[Items from a data source]
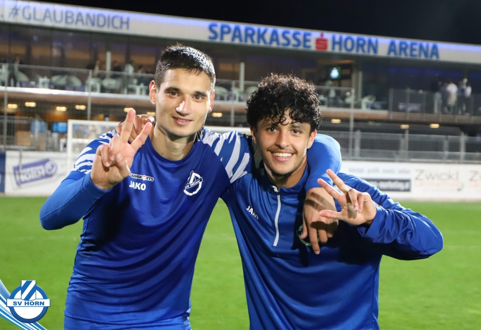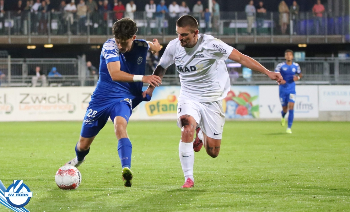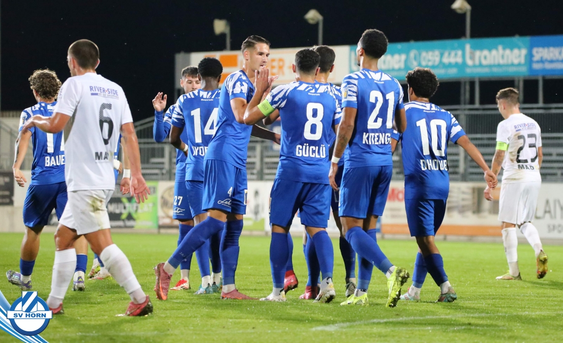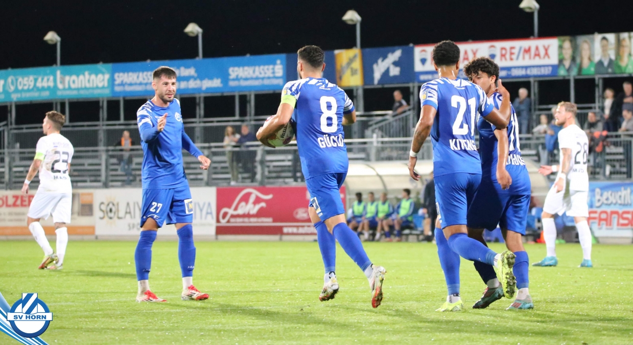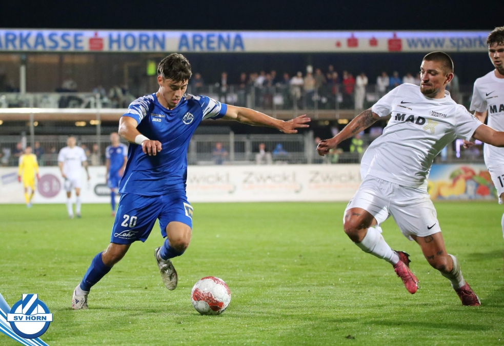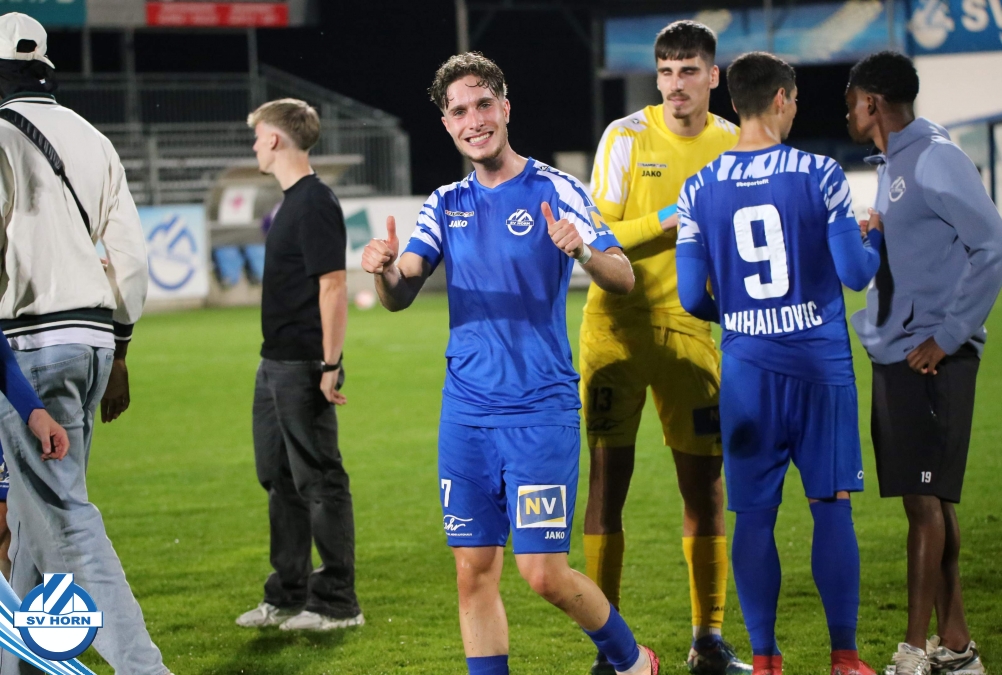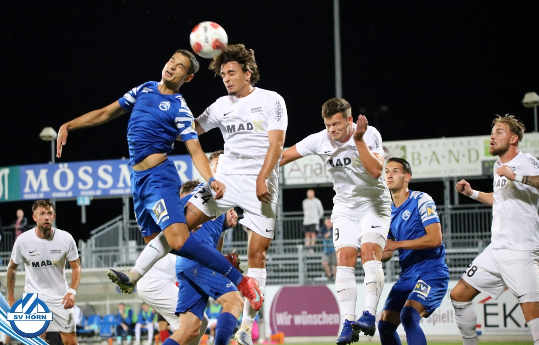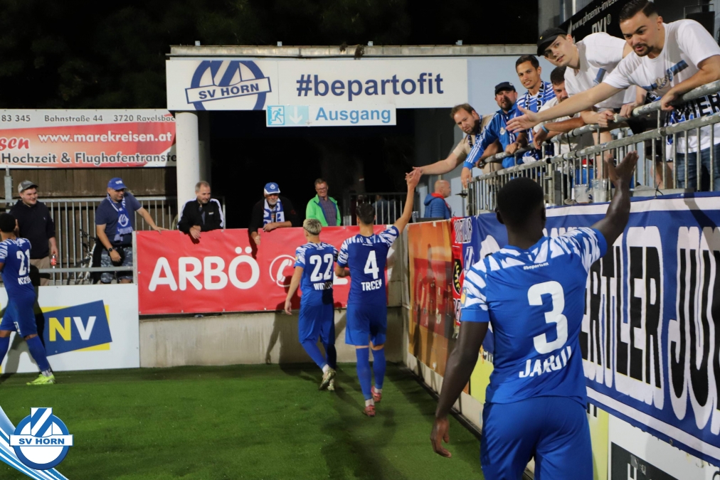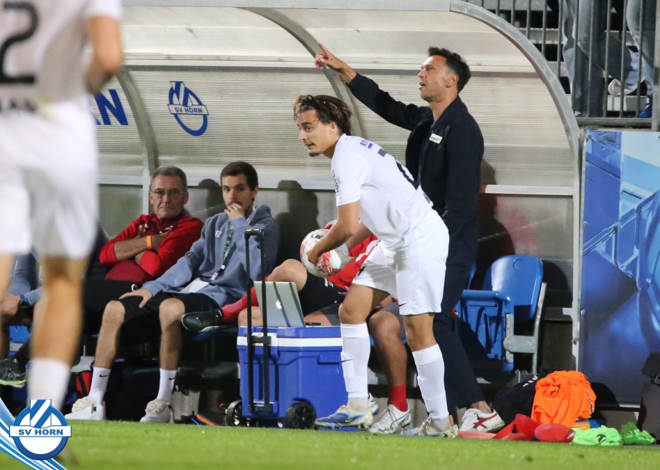Auch in Halbzeit 2 dasselbe Bild. Horn ist spielerisch überlegen und hat gleich wieder gute Gelegenheiten, trifft aber zunächst nur den Pfosten. Die Gäste wollen jeden Ball von hinten herausspielen und schlagen keinen Ball ab - daraus resultiert das 3:0 - Karim Dhouip erkämpft sich den Ball von der gegnerischen Abwehr und versenkt mit einem Schuss ins lange Eck zum 3:0. Das 4. Tor ist fast ein Spiegelbild des 4. Treffers mit einem Ballgewinn im Strafraum der Gäste von eienem Verteidiger - wieder holt sich Karim Dhouip den Ball vom Gegner - umspielt diesmal noch den Torhüter und schießt ein. Das 5:0 ist dann wieder eine richtig schön heraus gespielte Aktion, wo sich Zoran Mihajlovic im Strafraum der Gegner durchsetzt und zu Dhouip zurücklegt, der den Ball zum lupenreinen Hattrick versenkt. Den Abschluss des Torreigens macht schließlich wieder Zoran Mihajlovic: er versetzt den herauslaufenden Torhüter außerhalb des Strafraums, kann auch am Leibchen nicht mehr gehalten werden von einem Verteidiger und schießt unwiderstehlich zum 6:0 ein.
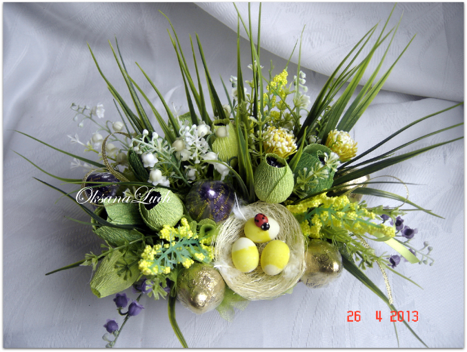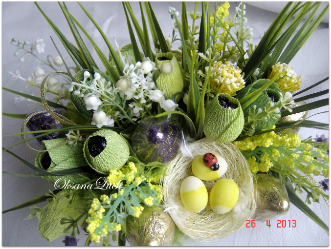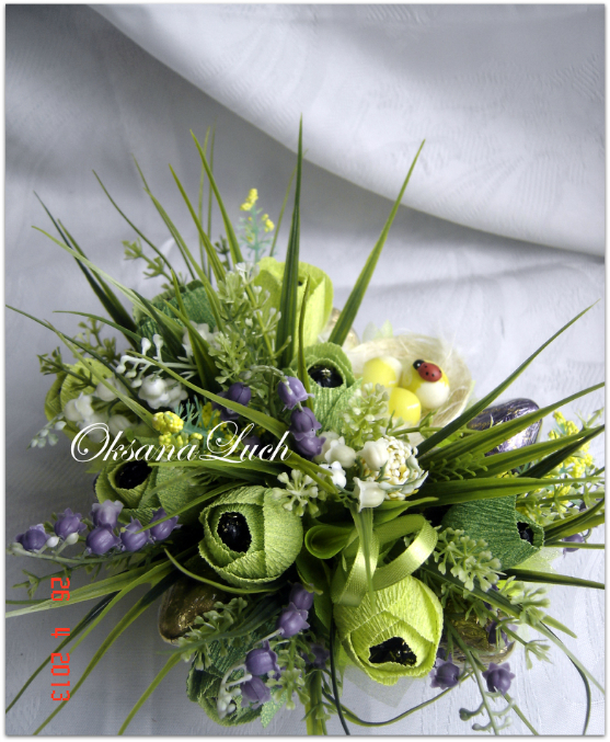 Оксана, очень красиво, так свежо и по-весеннему. Фиолетовые ландыши - неожиданно, но в композиции прямо к месту. Класс! (Как всегда...)
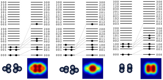Another thing to note is that for different orientations, the circles that represent 2p+2n (α-particle) combinations, are promoted to orbits of different energies associated with the different orientations. In other words, the potential energy associated with different orientations is different, with that of the more compact structure being lowest and the planar structure being the highest (the α +
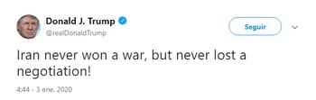 Después de 10 horas de haber fijado la bandera de Estados Unidos como primer mensaje en su cuenta de Twitter y haberse limitado luego a retuitear mensajes alusivos al operativo que mató al militar más importante de Irán y al comandante de Hezbollah en Irak, Donald Trump escribió su primer mensaje en la red social: “Irán nunca ganó una guerra, pero nunca perdió una negociación”.
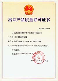 經(jīng)國家鑄造鍛壓機械質量監(jiān)督檢驗中心的嚴格檢驗及安徽出入境檢驗檢疫局的現(xiàn)場抽樣檢測,我司“中德”牌機床產(chǎn)品均符合出口質量許可制度規(guī)定的要求,于近日拿到了“出口產(chǎn)品質量許可證書”,為中德品牌打入國際市場邁出了堅實的一步。
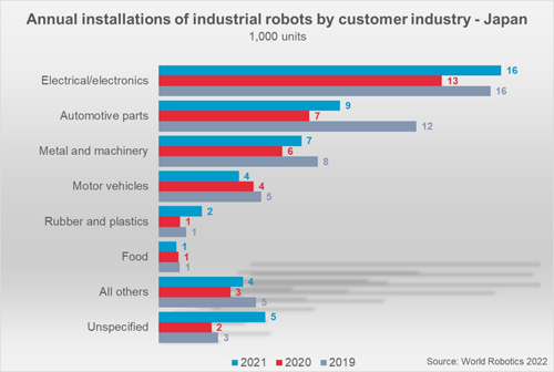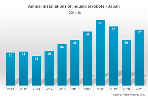2021年,日本繼續成為全球第二大工業機器人市場,雖然20192020連續兩年新機裝機量下降,但2021年實現了22%的增速,達到47182臺;在用保有量為393326臺,同比增長5%。日本不僅是重要的應用市場,也是世界主要的機器人生產國,其2021年工業機器人出口186102臺,達到歷史峰值。
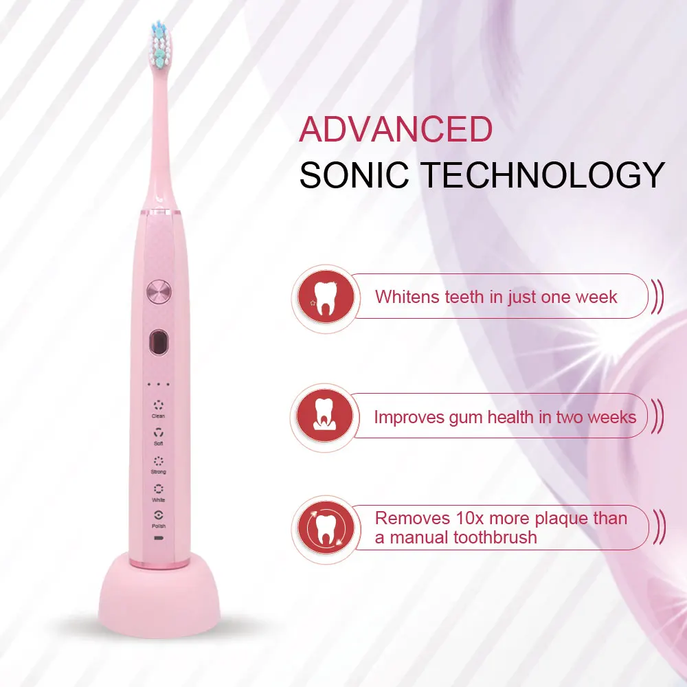 1. Модный дизайн и маленький размер 2. Класс водонепроницаемости IPX7 3. Пять режимов очистки, включая чистоту/мягкость/растяжение/белый/полировка, три слоя интенсивности в каждом режиме 4. Частота вибрации 31000 раз/мин 5. Два интеллектуальных автотаймера miniutes, 30 указателей интервала таймера 6. 800 мА/ч, батарея, 3,7 V, 1,8 W 7. USB Беспроводная Зарядная база, время зарядки около 4 часов, полная зарядка может использоваться 30 дней
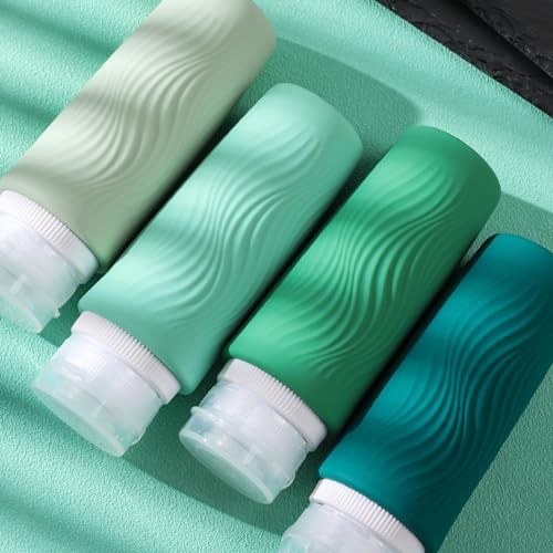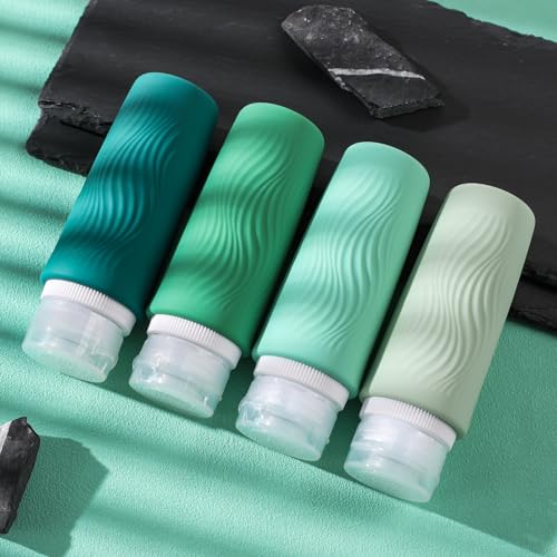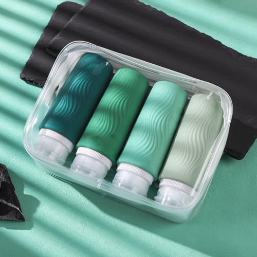 TSA carry on approval: 4 pack 3oz silicone travel bottles, very suitable for shampoo, conditioner, shower gel, lotion, hand sanitizer and shower gel. It is equipped with a high-quality zipper transparent wash bag, which saves space and allows you to travel long distance freely like a professional.
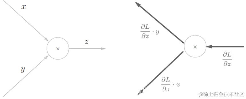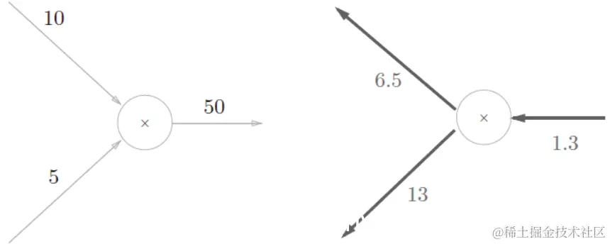 (2)、乘法的反向传播:左图是正向传播,右图是反向传播。
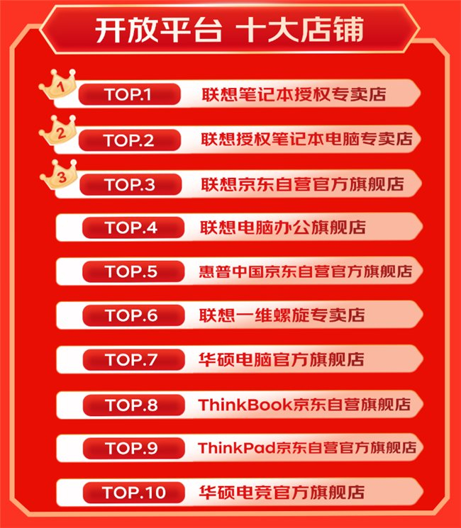同时,更多商家店铺也在京东11.11的推动下实现了开门红的生意爆发。联想笔记本授权专卖店、联想授权笔记本电脑专卖店、联想京东自营官方旗舰店等成为京东11.11开放平台十大店铺榜单前三名。还有更多店铺也迎来了成交额增长喜讯,在接下来的京东11.11期间也将获得更高质量发展。

About this exercise>
With pictures excluded, reproduce exactly the lines above from the one containing "經(jīng)國家鑄造鍛壓機" down to the one containing "1. Модный дизайн", those two included.

Task output>
 經(jīng)國家鑄造鍛壓機械質量監(jiān)督檢驗中心的嚴格檢驗及安徽出入境檢驗檢疫局的現(xiàn)場抽樣檢測,我司“中德”牌機床產(chǎn)品均符合出口質量許可制度規(guī)定的要求,于近日拿到了“出口產(chǎn)品質量許可證書”,為中德品牌打入國際市場邁出了堅實的一步。
2021年,日本繼續成為全球第二大工業機器人市場,雖然20192020連續兩年新機裝機量下降,但2021年實現了22%的增速,達到47182臺;在用保有量為393326臺,同比增長5%。日本不僅是重要的應用市場,也是世界主要的機器人生產國,其2021年工業機器人出口186102臺,達到歷史峰值。
 1. Модный дизайн и маленький размер 2. Класс водонепроницаемости IPX7 3. Пять режимов очистки, включая чистоту/мягкость/растяжение/белый/полировка, три слоя интенсивности в каждом режиме 4. Частота вибрации 31000 раз/мин 5. Два интеллектуальных автотаймера miniutes, 30 указателей интервала таймера 6. 800 мА/ч, батарея, 3,7 V, 1,8 W 7. USB Беспроводная Зарядная база, время зарядки около 4 часов, полная зарядка может использоваться 30 дней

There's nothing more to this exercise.